Understanding the Example

The basic example demonstrates key OpenHCS concepts:

Pipeline: A list of processing steps that execute in sequence

FunctionStep: The basic processing unit that wraps a function with configuration

Variable Components: Defines how data is grouped for processing (SITE processes each imaging position separately)

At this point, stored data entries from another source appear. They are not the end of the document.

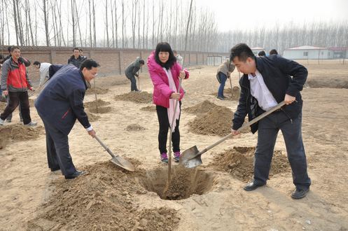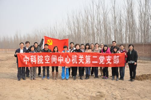 在植树活动中,全体党员、积极分子一起动手挥锹、栽树、培土、浇水,栽下一株株树苗,个个忙得满头大汗,以自己的实际行动为台站增添了一抹新绿。
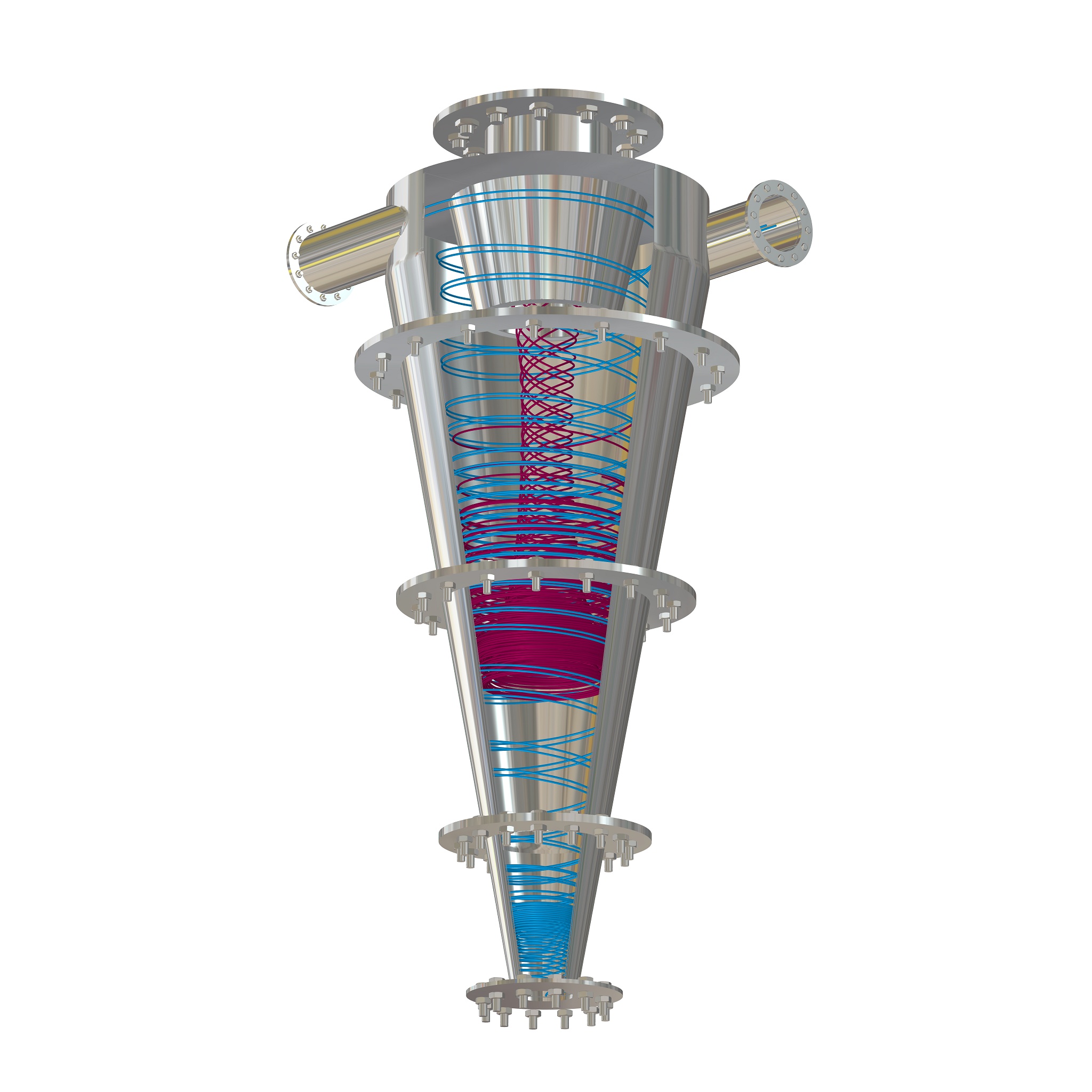 HydrocycloneFluid dynamics simulation of a hydrocyclone characterized by a very strong swirl and anisotropic turbulence. Cyclones are used in a variety of applications, ranging from the mining industry to vacuum cleaners.
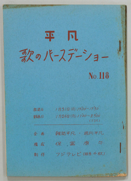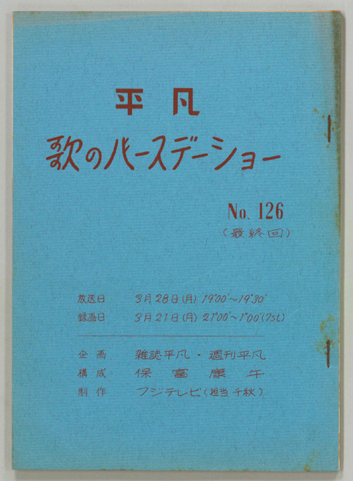 主な出演 : 村田英雄,三沢あけみ,弘田三枝子,伊東ゆかり,島和彦,金井克子,アントニオ古賀,中尾ミエ,スターダスト・ガールス,ザ・フラッシャーズ,花柳滝蔵社中,一竜斉貞鳳,藤村有弘- 作家 : 西野浩三,[川崎真]
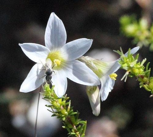 Ixia polystachya L. is found on flats, hills and mountain slopes over a wide range of the northwest and southwest Cape. It has pink, mauve, bluish, or white flowers, often, but not always, with a dark center. It has a fairly tall (up to 80 cm) and usually branched stem, but is variable in size, color, number of flowers, form (compact or lax), and leaf width. The first five photos were taken by Mary Sue Ittner. The last photo was taken by Cameron McMaster in the Overberg.
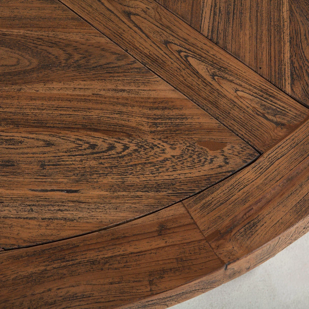 - 42-inch diameter coffee table with solid reclaimed teak wood top
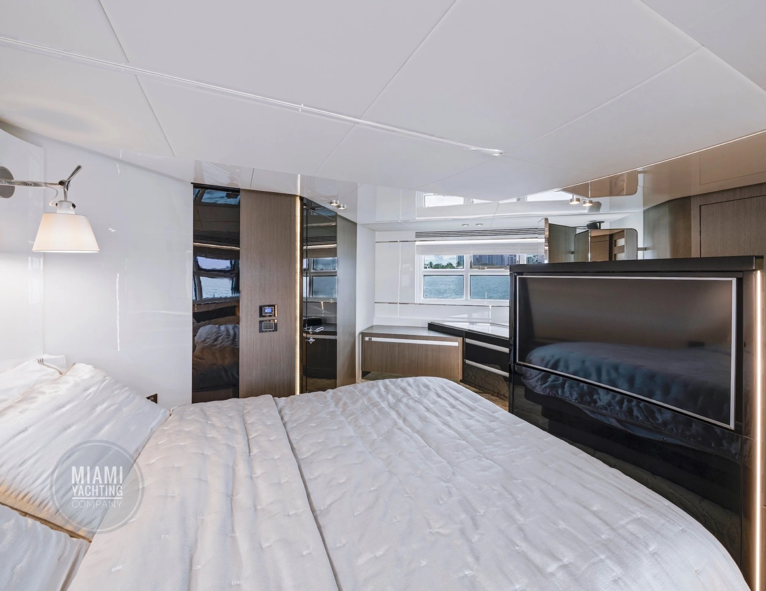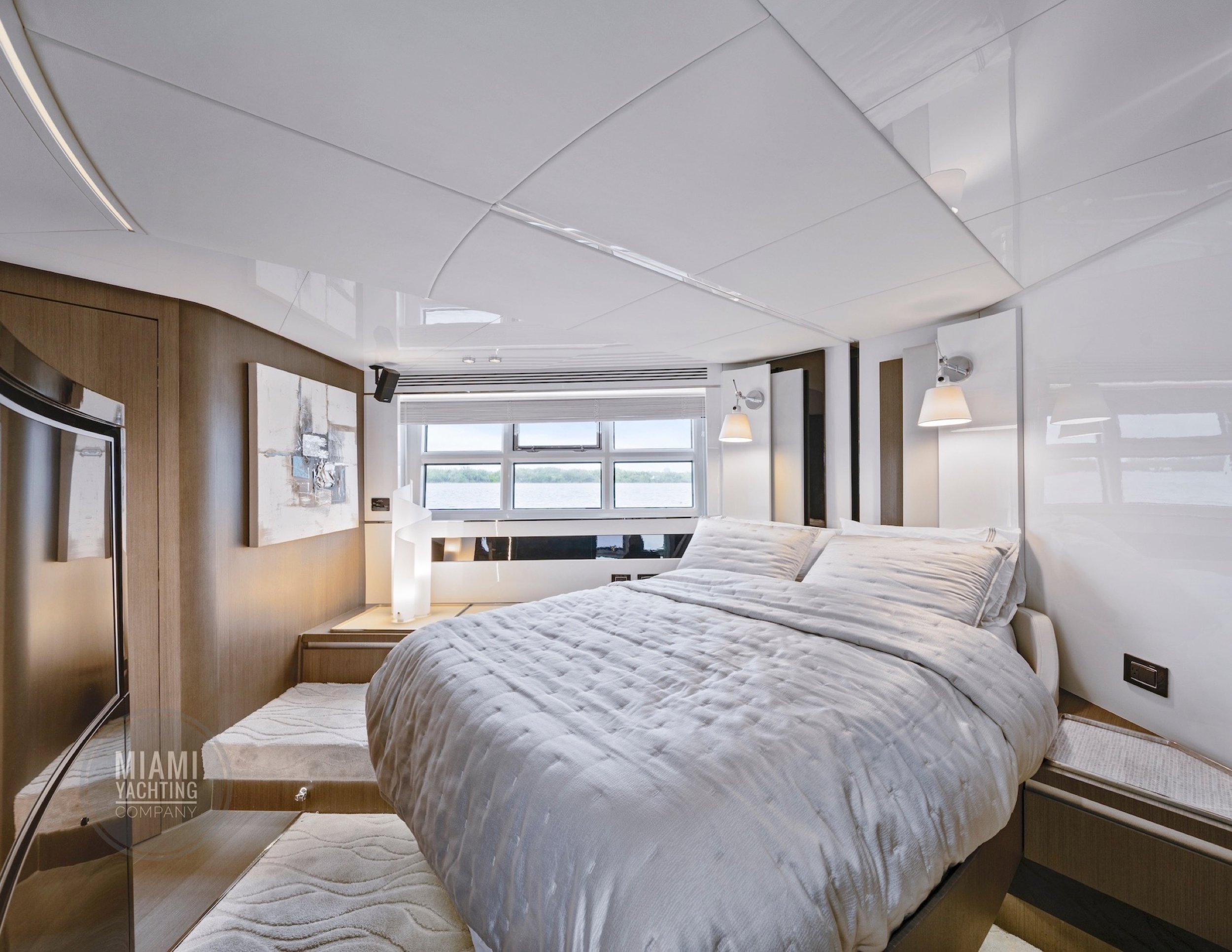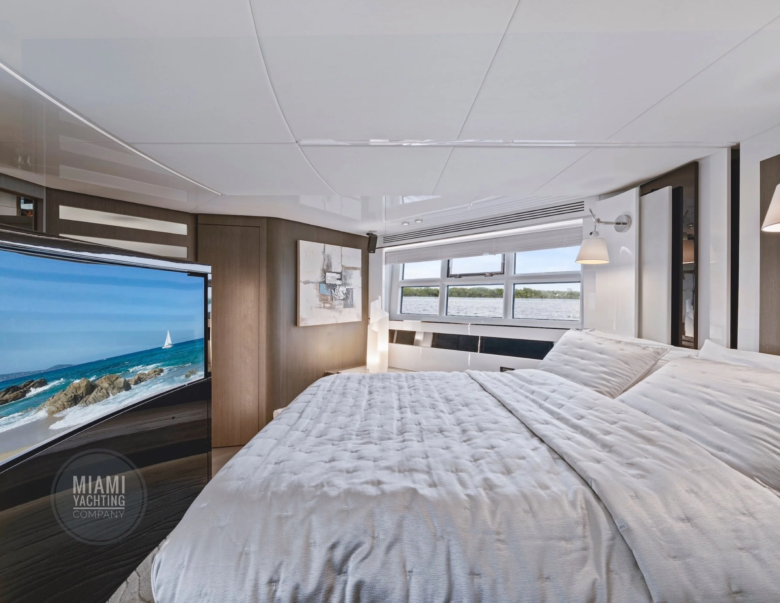 From the moment you step aboard, the experience is refined and seamless. The open layout flows from the foredeck sunpads to the aft lounge and into a bright, contemporary salon surrounded by panoramic windows. Below deck, four impeccably appointed staterooms include a full beam owner's suite and en suite baths throughout, offering unmatched comfort for up to eight guests.
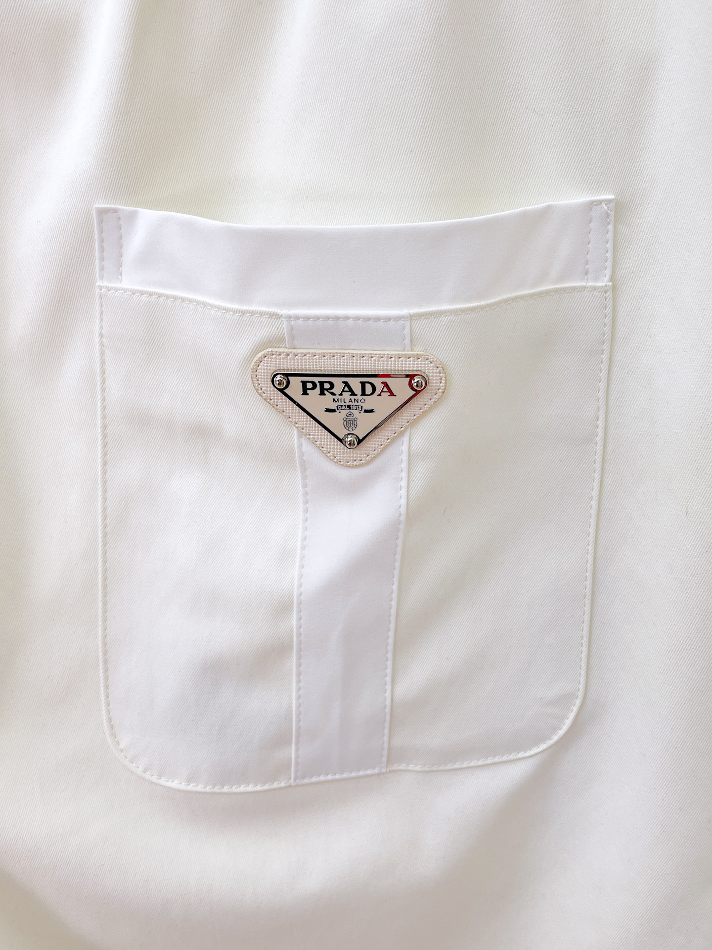 这款衣服是AAAAA 1:1 质量 (非常棒). 使用了和原版一模一样的材料. 商标部分也保持了和普拉达/Prada一样. 图片拍摄是实物衣服拍摄, 您所收到的实物保证和我们图片一模一样.
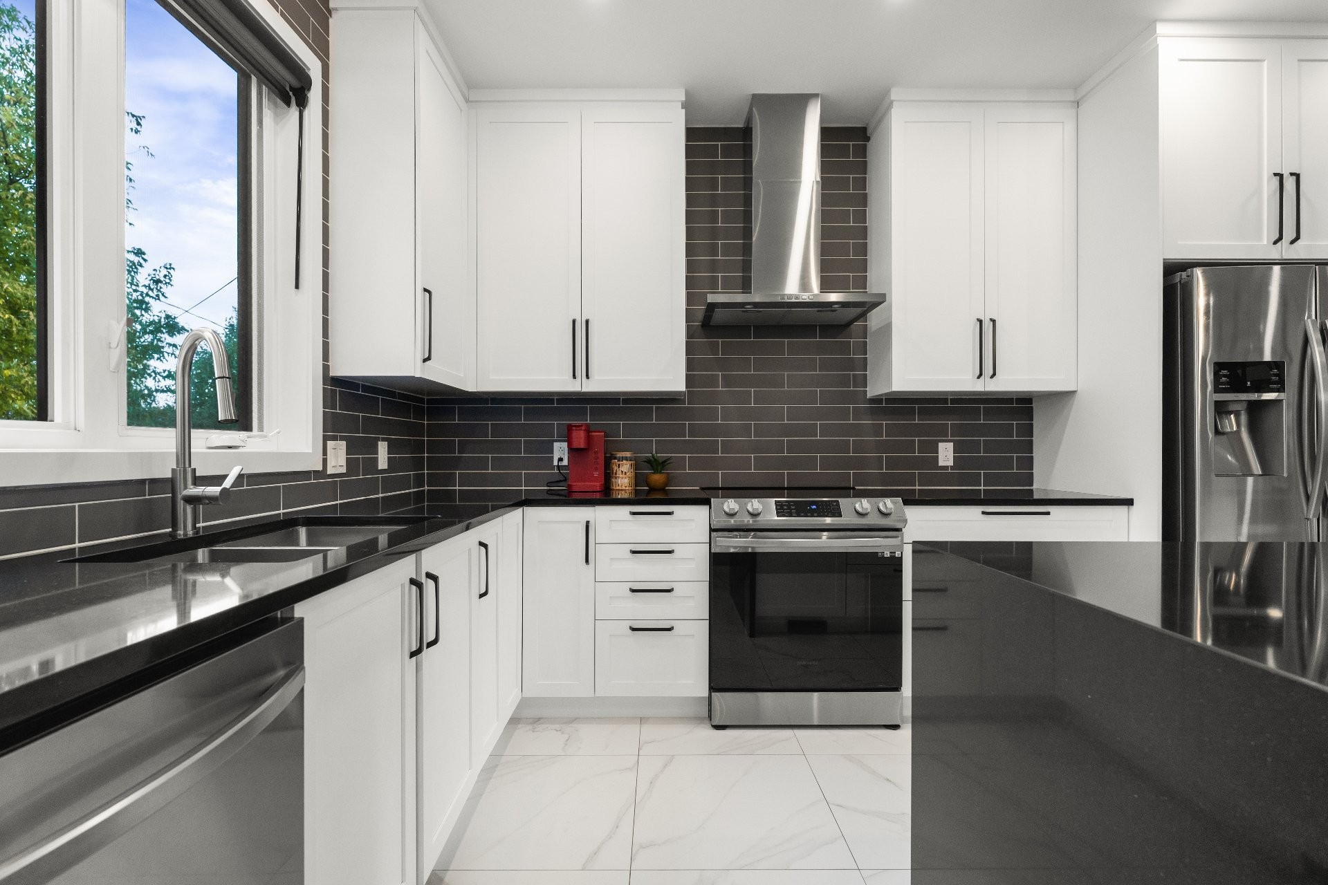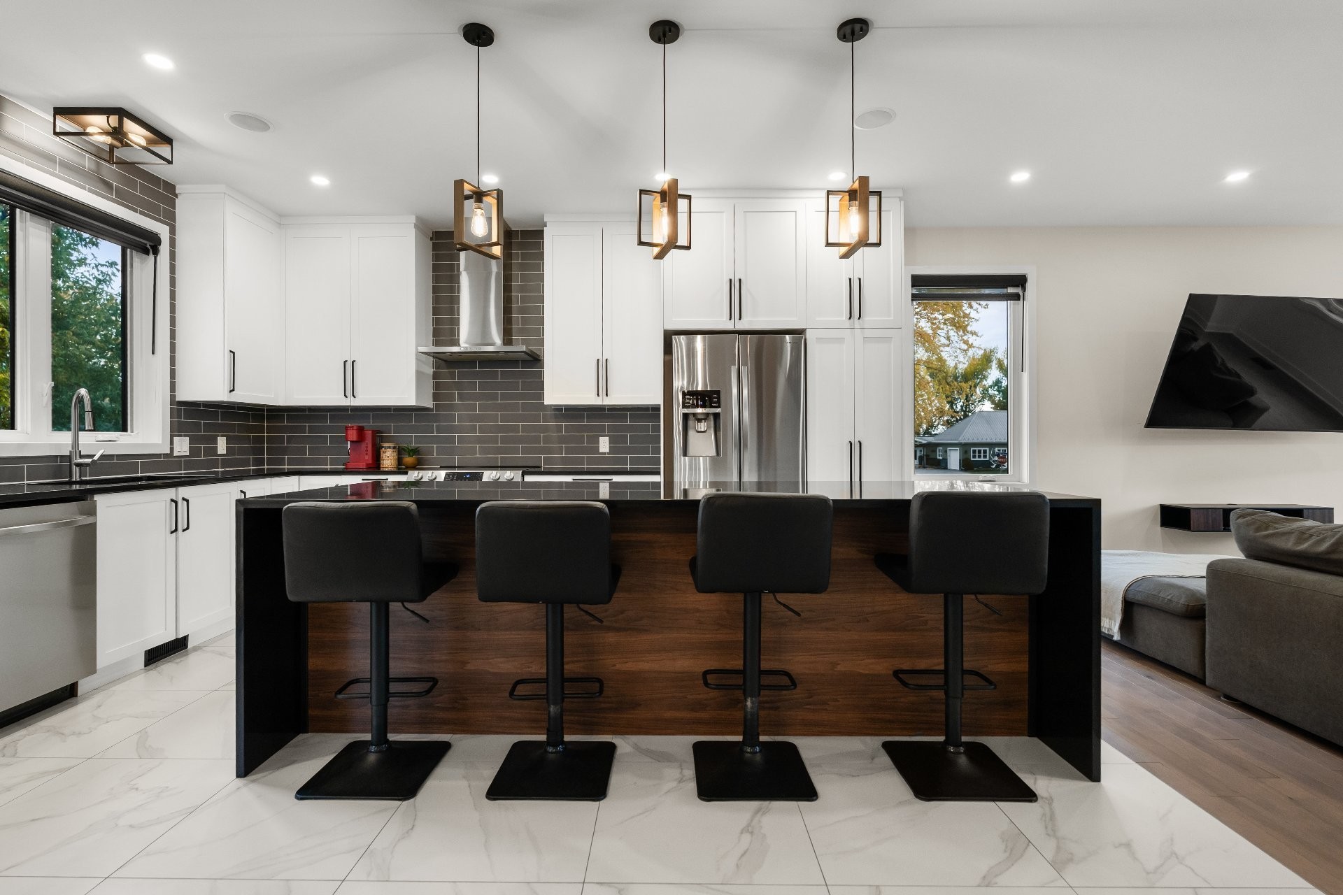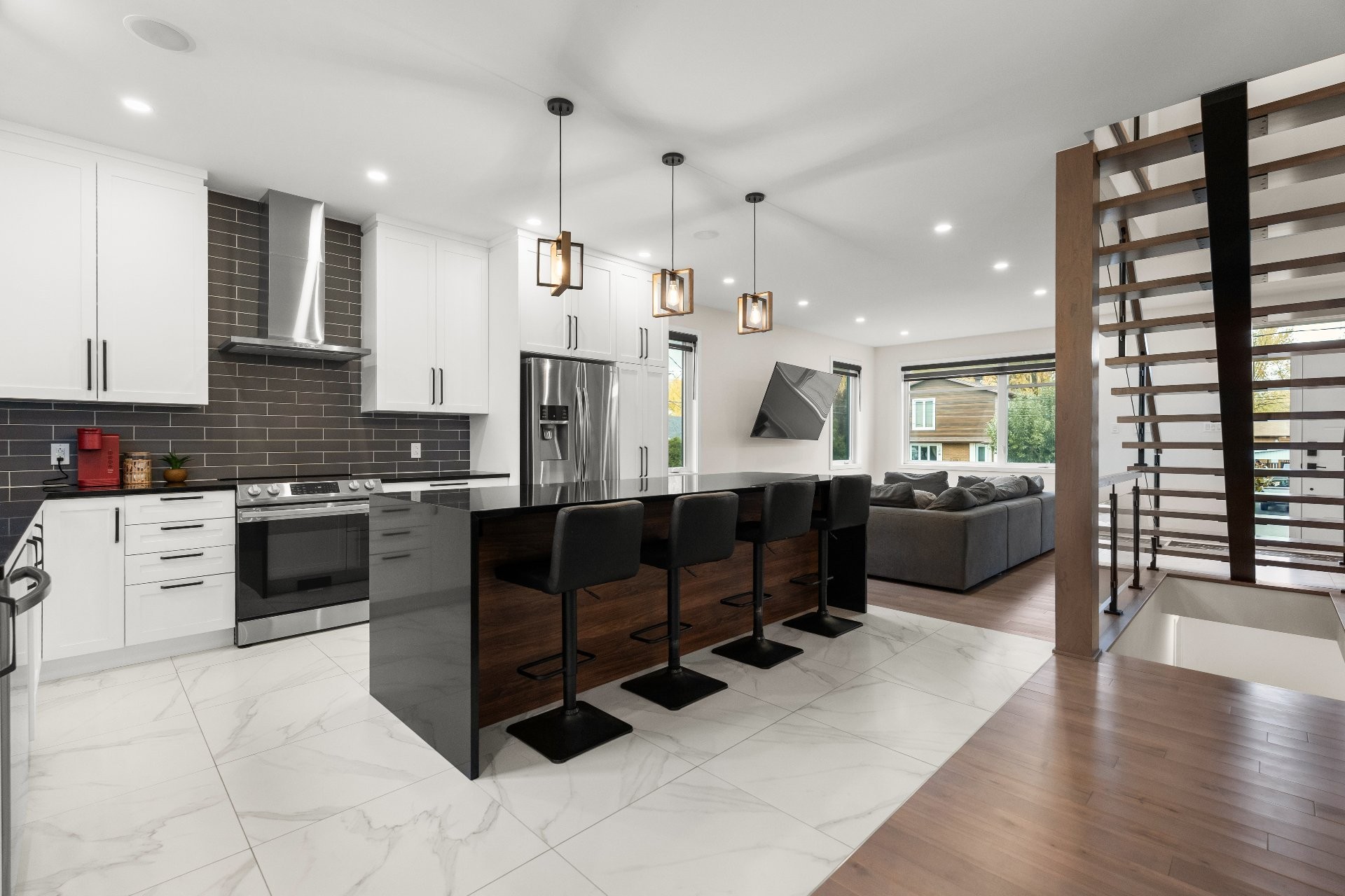 Superbe maison de ville rénovée avec soin. Cuisine modernisée avec comptoirs en quartz et plancher chauffant. Salon chaleureux avec foyer él...

Orchestrator: Manages pipeline execution across your dataset

Interactive Development

OpenHCS provides two interface options:

Desktop GUI (Recommended for local use):

# Install with GUI support
pip install "openhcs[gui]"

# Launch desktop application
openhcs-gui

Terminal Interface (For remote/SSH use):

# Install with TUI support
pip install "openhcs[tui]"

# Launch terminal interface
openhcs-tui

Both interfaces provide: - Microscopy data directory selection - Pipeline configuration and editing - Real-time execution monitoring - Results visualization

Next Steps

After running the basic example, explore these areas:

Core Concepts: Core Concepts

Understand pipelines, steps, function patterns, and data organization

Function Library: Function Library

Learn about available image processing functions and backends

Configuration: Storage System

Configure storage backends, memory management, and output options

Advanced Examples: Integration Guides

Multi-channel analysis, GPU acceleration, and large dataset processing

Common Patterns

Multi-Channel Analysis:

# Different analysis for different channels
FunctionStep(
    func={
        '1': (count_cells_single_channel, {}),  # DAPI channel
        '2': (trace_neurites, {})               # GFP channel
    },
    group_by=GroupBy.CHANNEL,
    variable_components=[VariableComponents.SITE]
)

Function Chains:

# Sequential processing steps
FunctionStep(
    func=[
        (gaussian_filter, {'sigma': 2.0}),
        (threshold_otsu, {}),
        (binary_opening, {'footprint_radius': 3})
    ],
    variable_components=[VariableComponents.SITE]
)

1-minute Quick Start

If you want to try OpenHCS quickly with minimal setup, copy this tiny pipeline into a file named quickstart.py and run it with a small folder of images (or a single image for testing):

# quickstart.py — minimal pipeline
from openhcs.core.pipeline import Pipeline
from openhcs.core.steps.function_step import FunctionStep
from openhcs.core.orchestrator.orchestrator import PipelineOrchestrator
from openhcs.core.config import GlobalPipelineConfig
from openhcs.processing.backends.processors.torch_processor import stack_percentile_normalize
from openhcs.processing.backends.analysis.cell_counting_cpu import count_cells_single_channel

pipeline = Pipeline([
    FunctionStep(func=(stack_percentile_normalize, {'low_percentile':1.0,'high_percentile':99.0}), name='normalize'),
    FunctionStep(func=(count_cells_single_channel, {}), name='count_cells')
])

config = GlobalPipelineConfig(num_workers=1)
orchestrator = PipelineOrchestrator(plate_path='path/to/images', global_config=config)
orchestrator.run_pipeline(pipeline)

This runs a normalization step followed by a simple per-site cell counting analysis. Use path/to/images to point to a folder with one or more test images. The snippet is intentionally minimal — see the full “Basic Example” above for more realistic configurations.